There are two types of cookies.
A third-party cookie is a cookie that's placed on a user's device -- computer, cellphone or tablet -- by a website from a domain that is different than the website being visited. Third-party cookies are most frequently used for online advertising.
Another type of cookie is a first-party cookie. This one uses software code, based on a web page, to identify you and then track what you do while visiting the website. This method is how analytics of website traffic is collected. The level of info collected deems the analytics in compliance with standard privacy policy practices which at this point is the GDPR, General Dat Protection Rule, which is known as the gold standard.
The news that we have all wanted to see, to know that protecting website visitor data is a top priority, is showing up.
Google announced that it will start terminating cookie architecture starting, in its'Chrome browser, on January 4, 2024. It’s estimated on that date that millions of internet users will be affected as cookies on their browsers will no longer function.
Lately Google has deeply rooted scrutiny, from the EU Commission and the UK’s Competition and Markets Authority (CMA), about its data collection practices.
They have been caught collecting and drilling down into cookie data to reveal identities and then selling that data. There are plenty of analytics companies that abide with the GDPR and still provide meaningful traffic.

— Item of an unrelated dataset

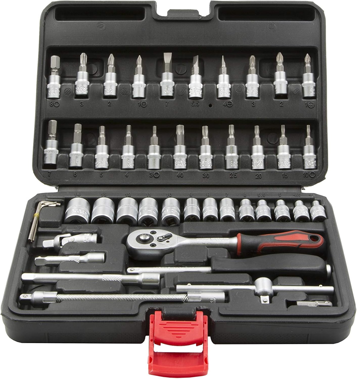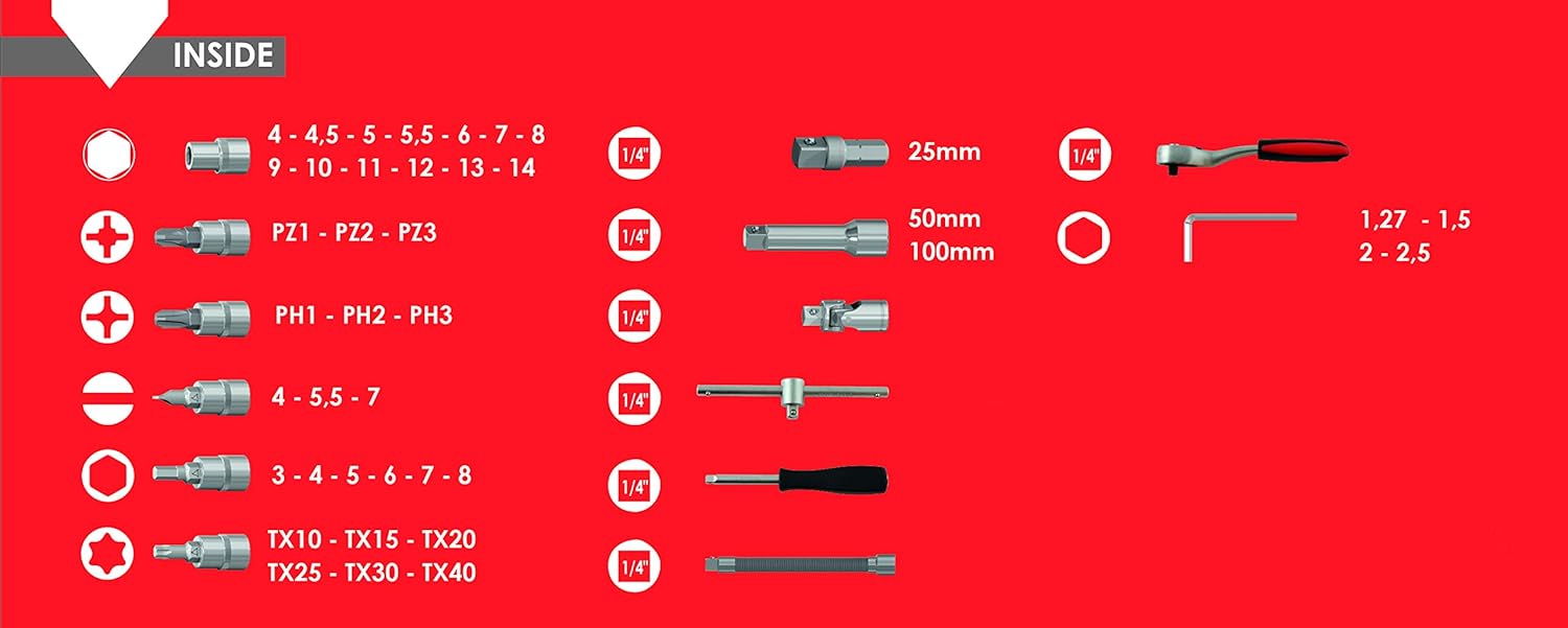 Completano l'assortimento gli accessori per chiavi a bussola con quadro 1/4" (2 prolunghe, prolunga flessibile, snodo cardanico, impugnatura diritta, T di manovra. adattatore) e tre chiavi a brugola mm 1.5, 2 e 2.5

Matomo is one of those companies and they are based in Germany.
“Google has said it wants to gradually phase out cookies starting the third quarter of next year. To make its deadline to stop support for cookies altogether in 2024, it would have to switch off cookies by September 2024,” said James Rosewell, founder of device detection company 51Degrees
It appears Google is sheering to the scrutiny. Since its one of the world’s biggest tech companies, it hopefully is establishing a trend to move the digital tech ad industry in the direction of consent and to balance digital data collection with data privacy.
Many browsers have already been banning third-party cookies. For example, Apple Safari and Mozilla Firefox block third-party cookies by default.

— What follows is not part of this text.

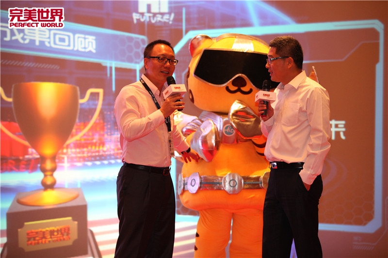 下午2点整,完美世界媒体见面会正式开始,央视名嘴刘建宏担任本次见面会主持人,在台上与完美世界人气超高的小虎进行了快乐的虚拟互动,轻松的开场模式立即刷新了在座媒体的眼球。身为知名体育主持人的刘建宏与完美世界CEO萧泓就体育与游戏的关系展开讨论,两位各自领域的权威专家都认为,体育来自游戏,而游戏本身也是体育的重要组成部分,两者未来的融合值得期待。随后,萧泓对于未来游戏产业的发展大方向,以及完美世界面对整个游戏格局做出的努力和调整,进行了详尽的诠释。

The use of cookies or tokens - some type of software - to track visitors is not going to go away anytime soon.
A lot of thought and effort has gone into the creation of global policies to protect website users. The big question is will the largest tech companies comply with those efforts.
Seeing that Google has begun to comply since they are the only holdout at this point, is a decent sign that a new day has dawned for visitor privacy.
But, it's not time to stop thinking about it since the technology of "trust tokens" is already being tested in tech sandboxes.
Visitor privacy is an ongoing concern to be kept on the front burner to keep companies and governments accountable.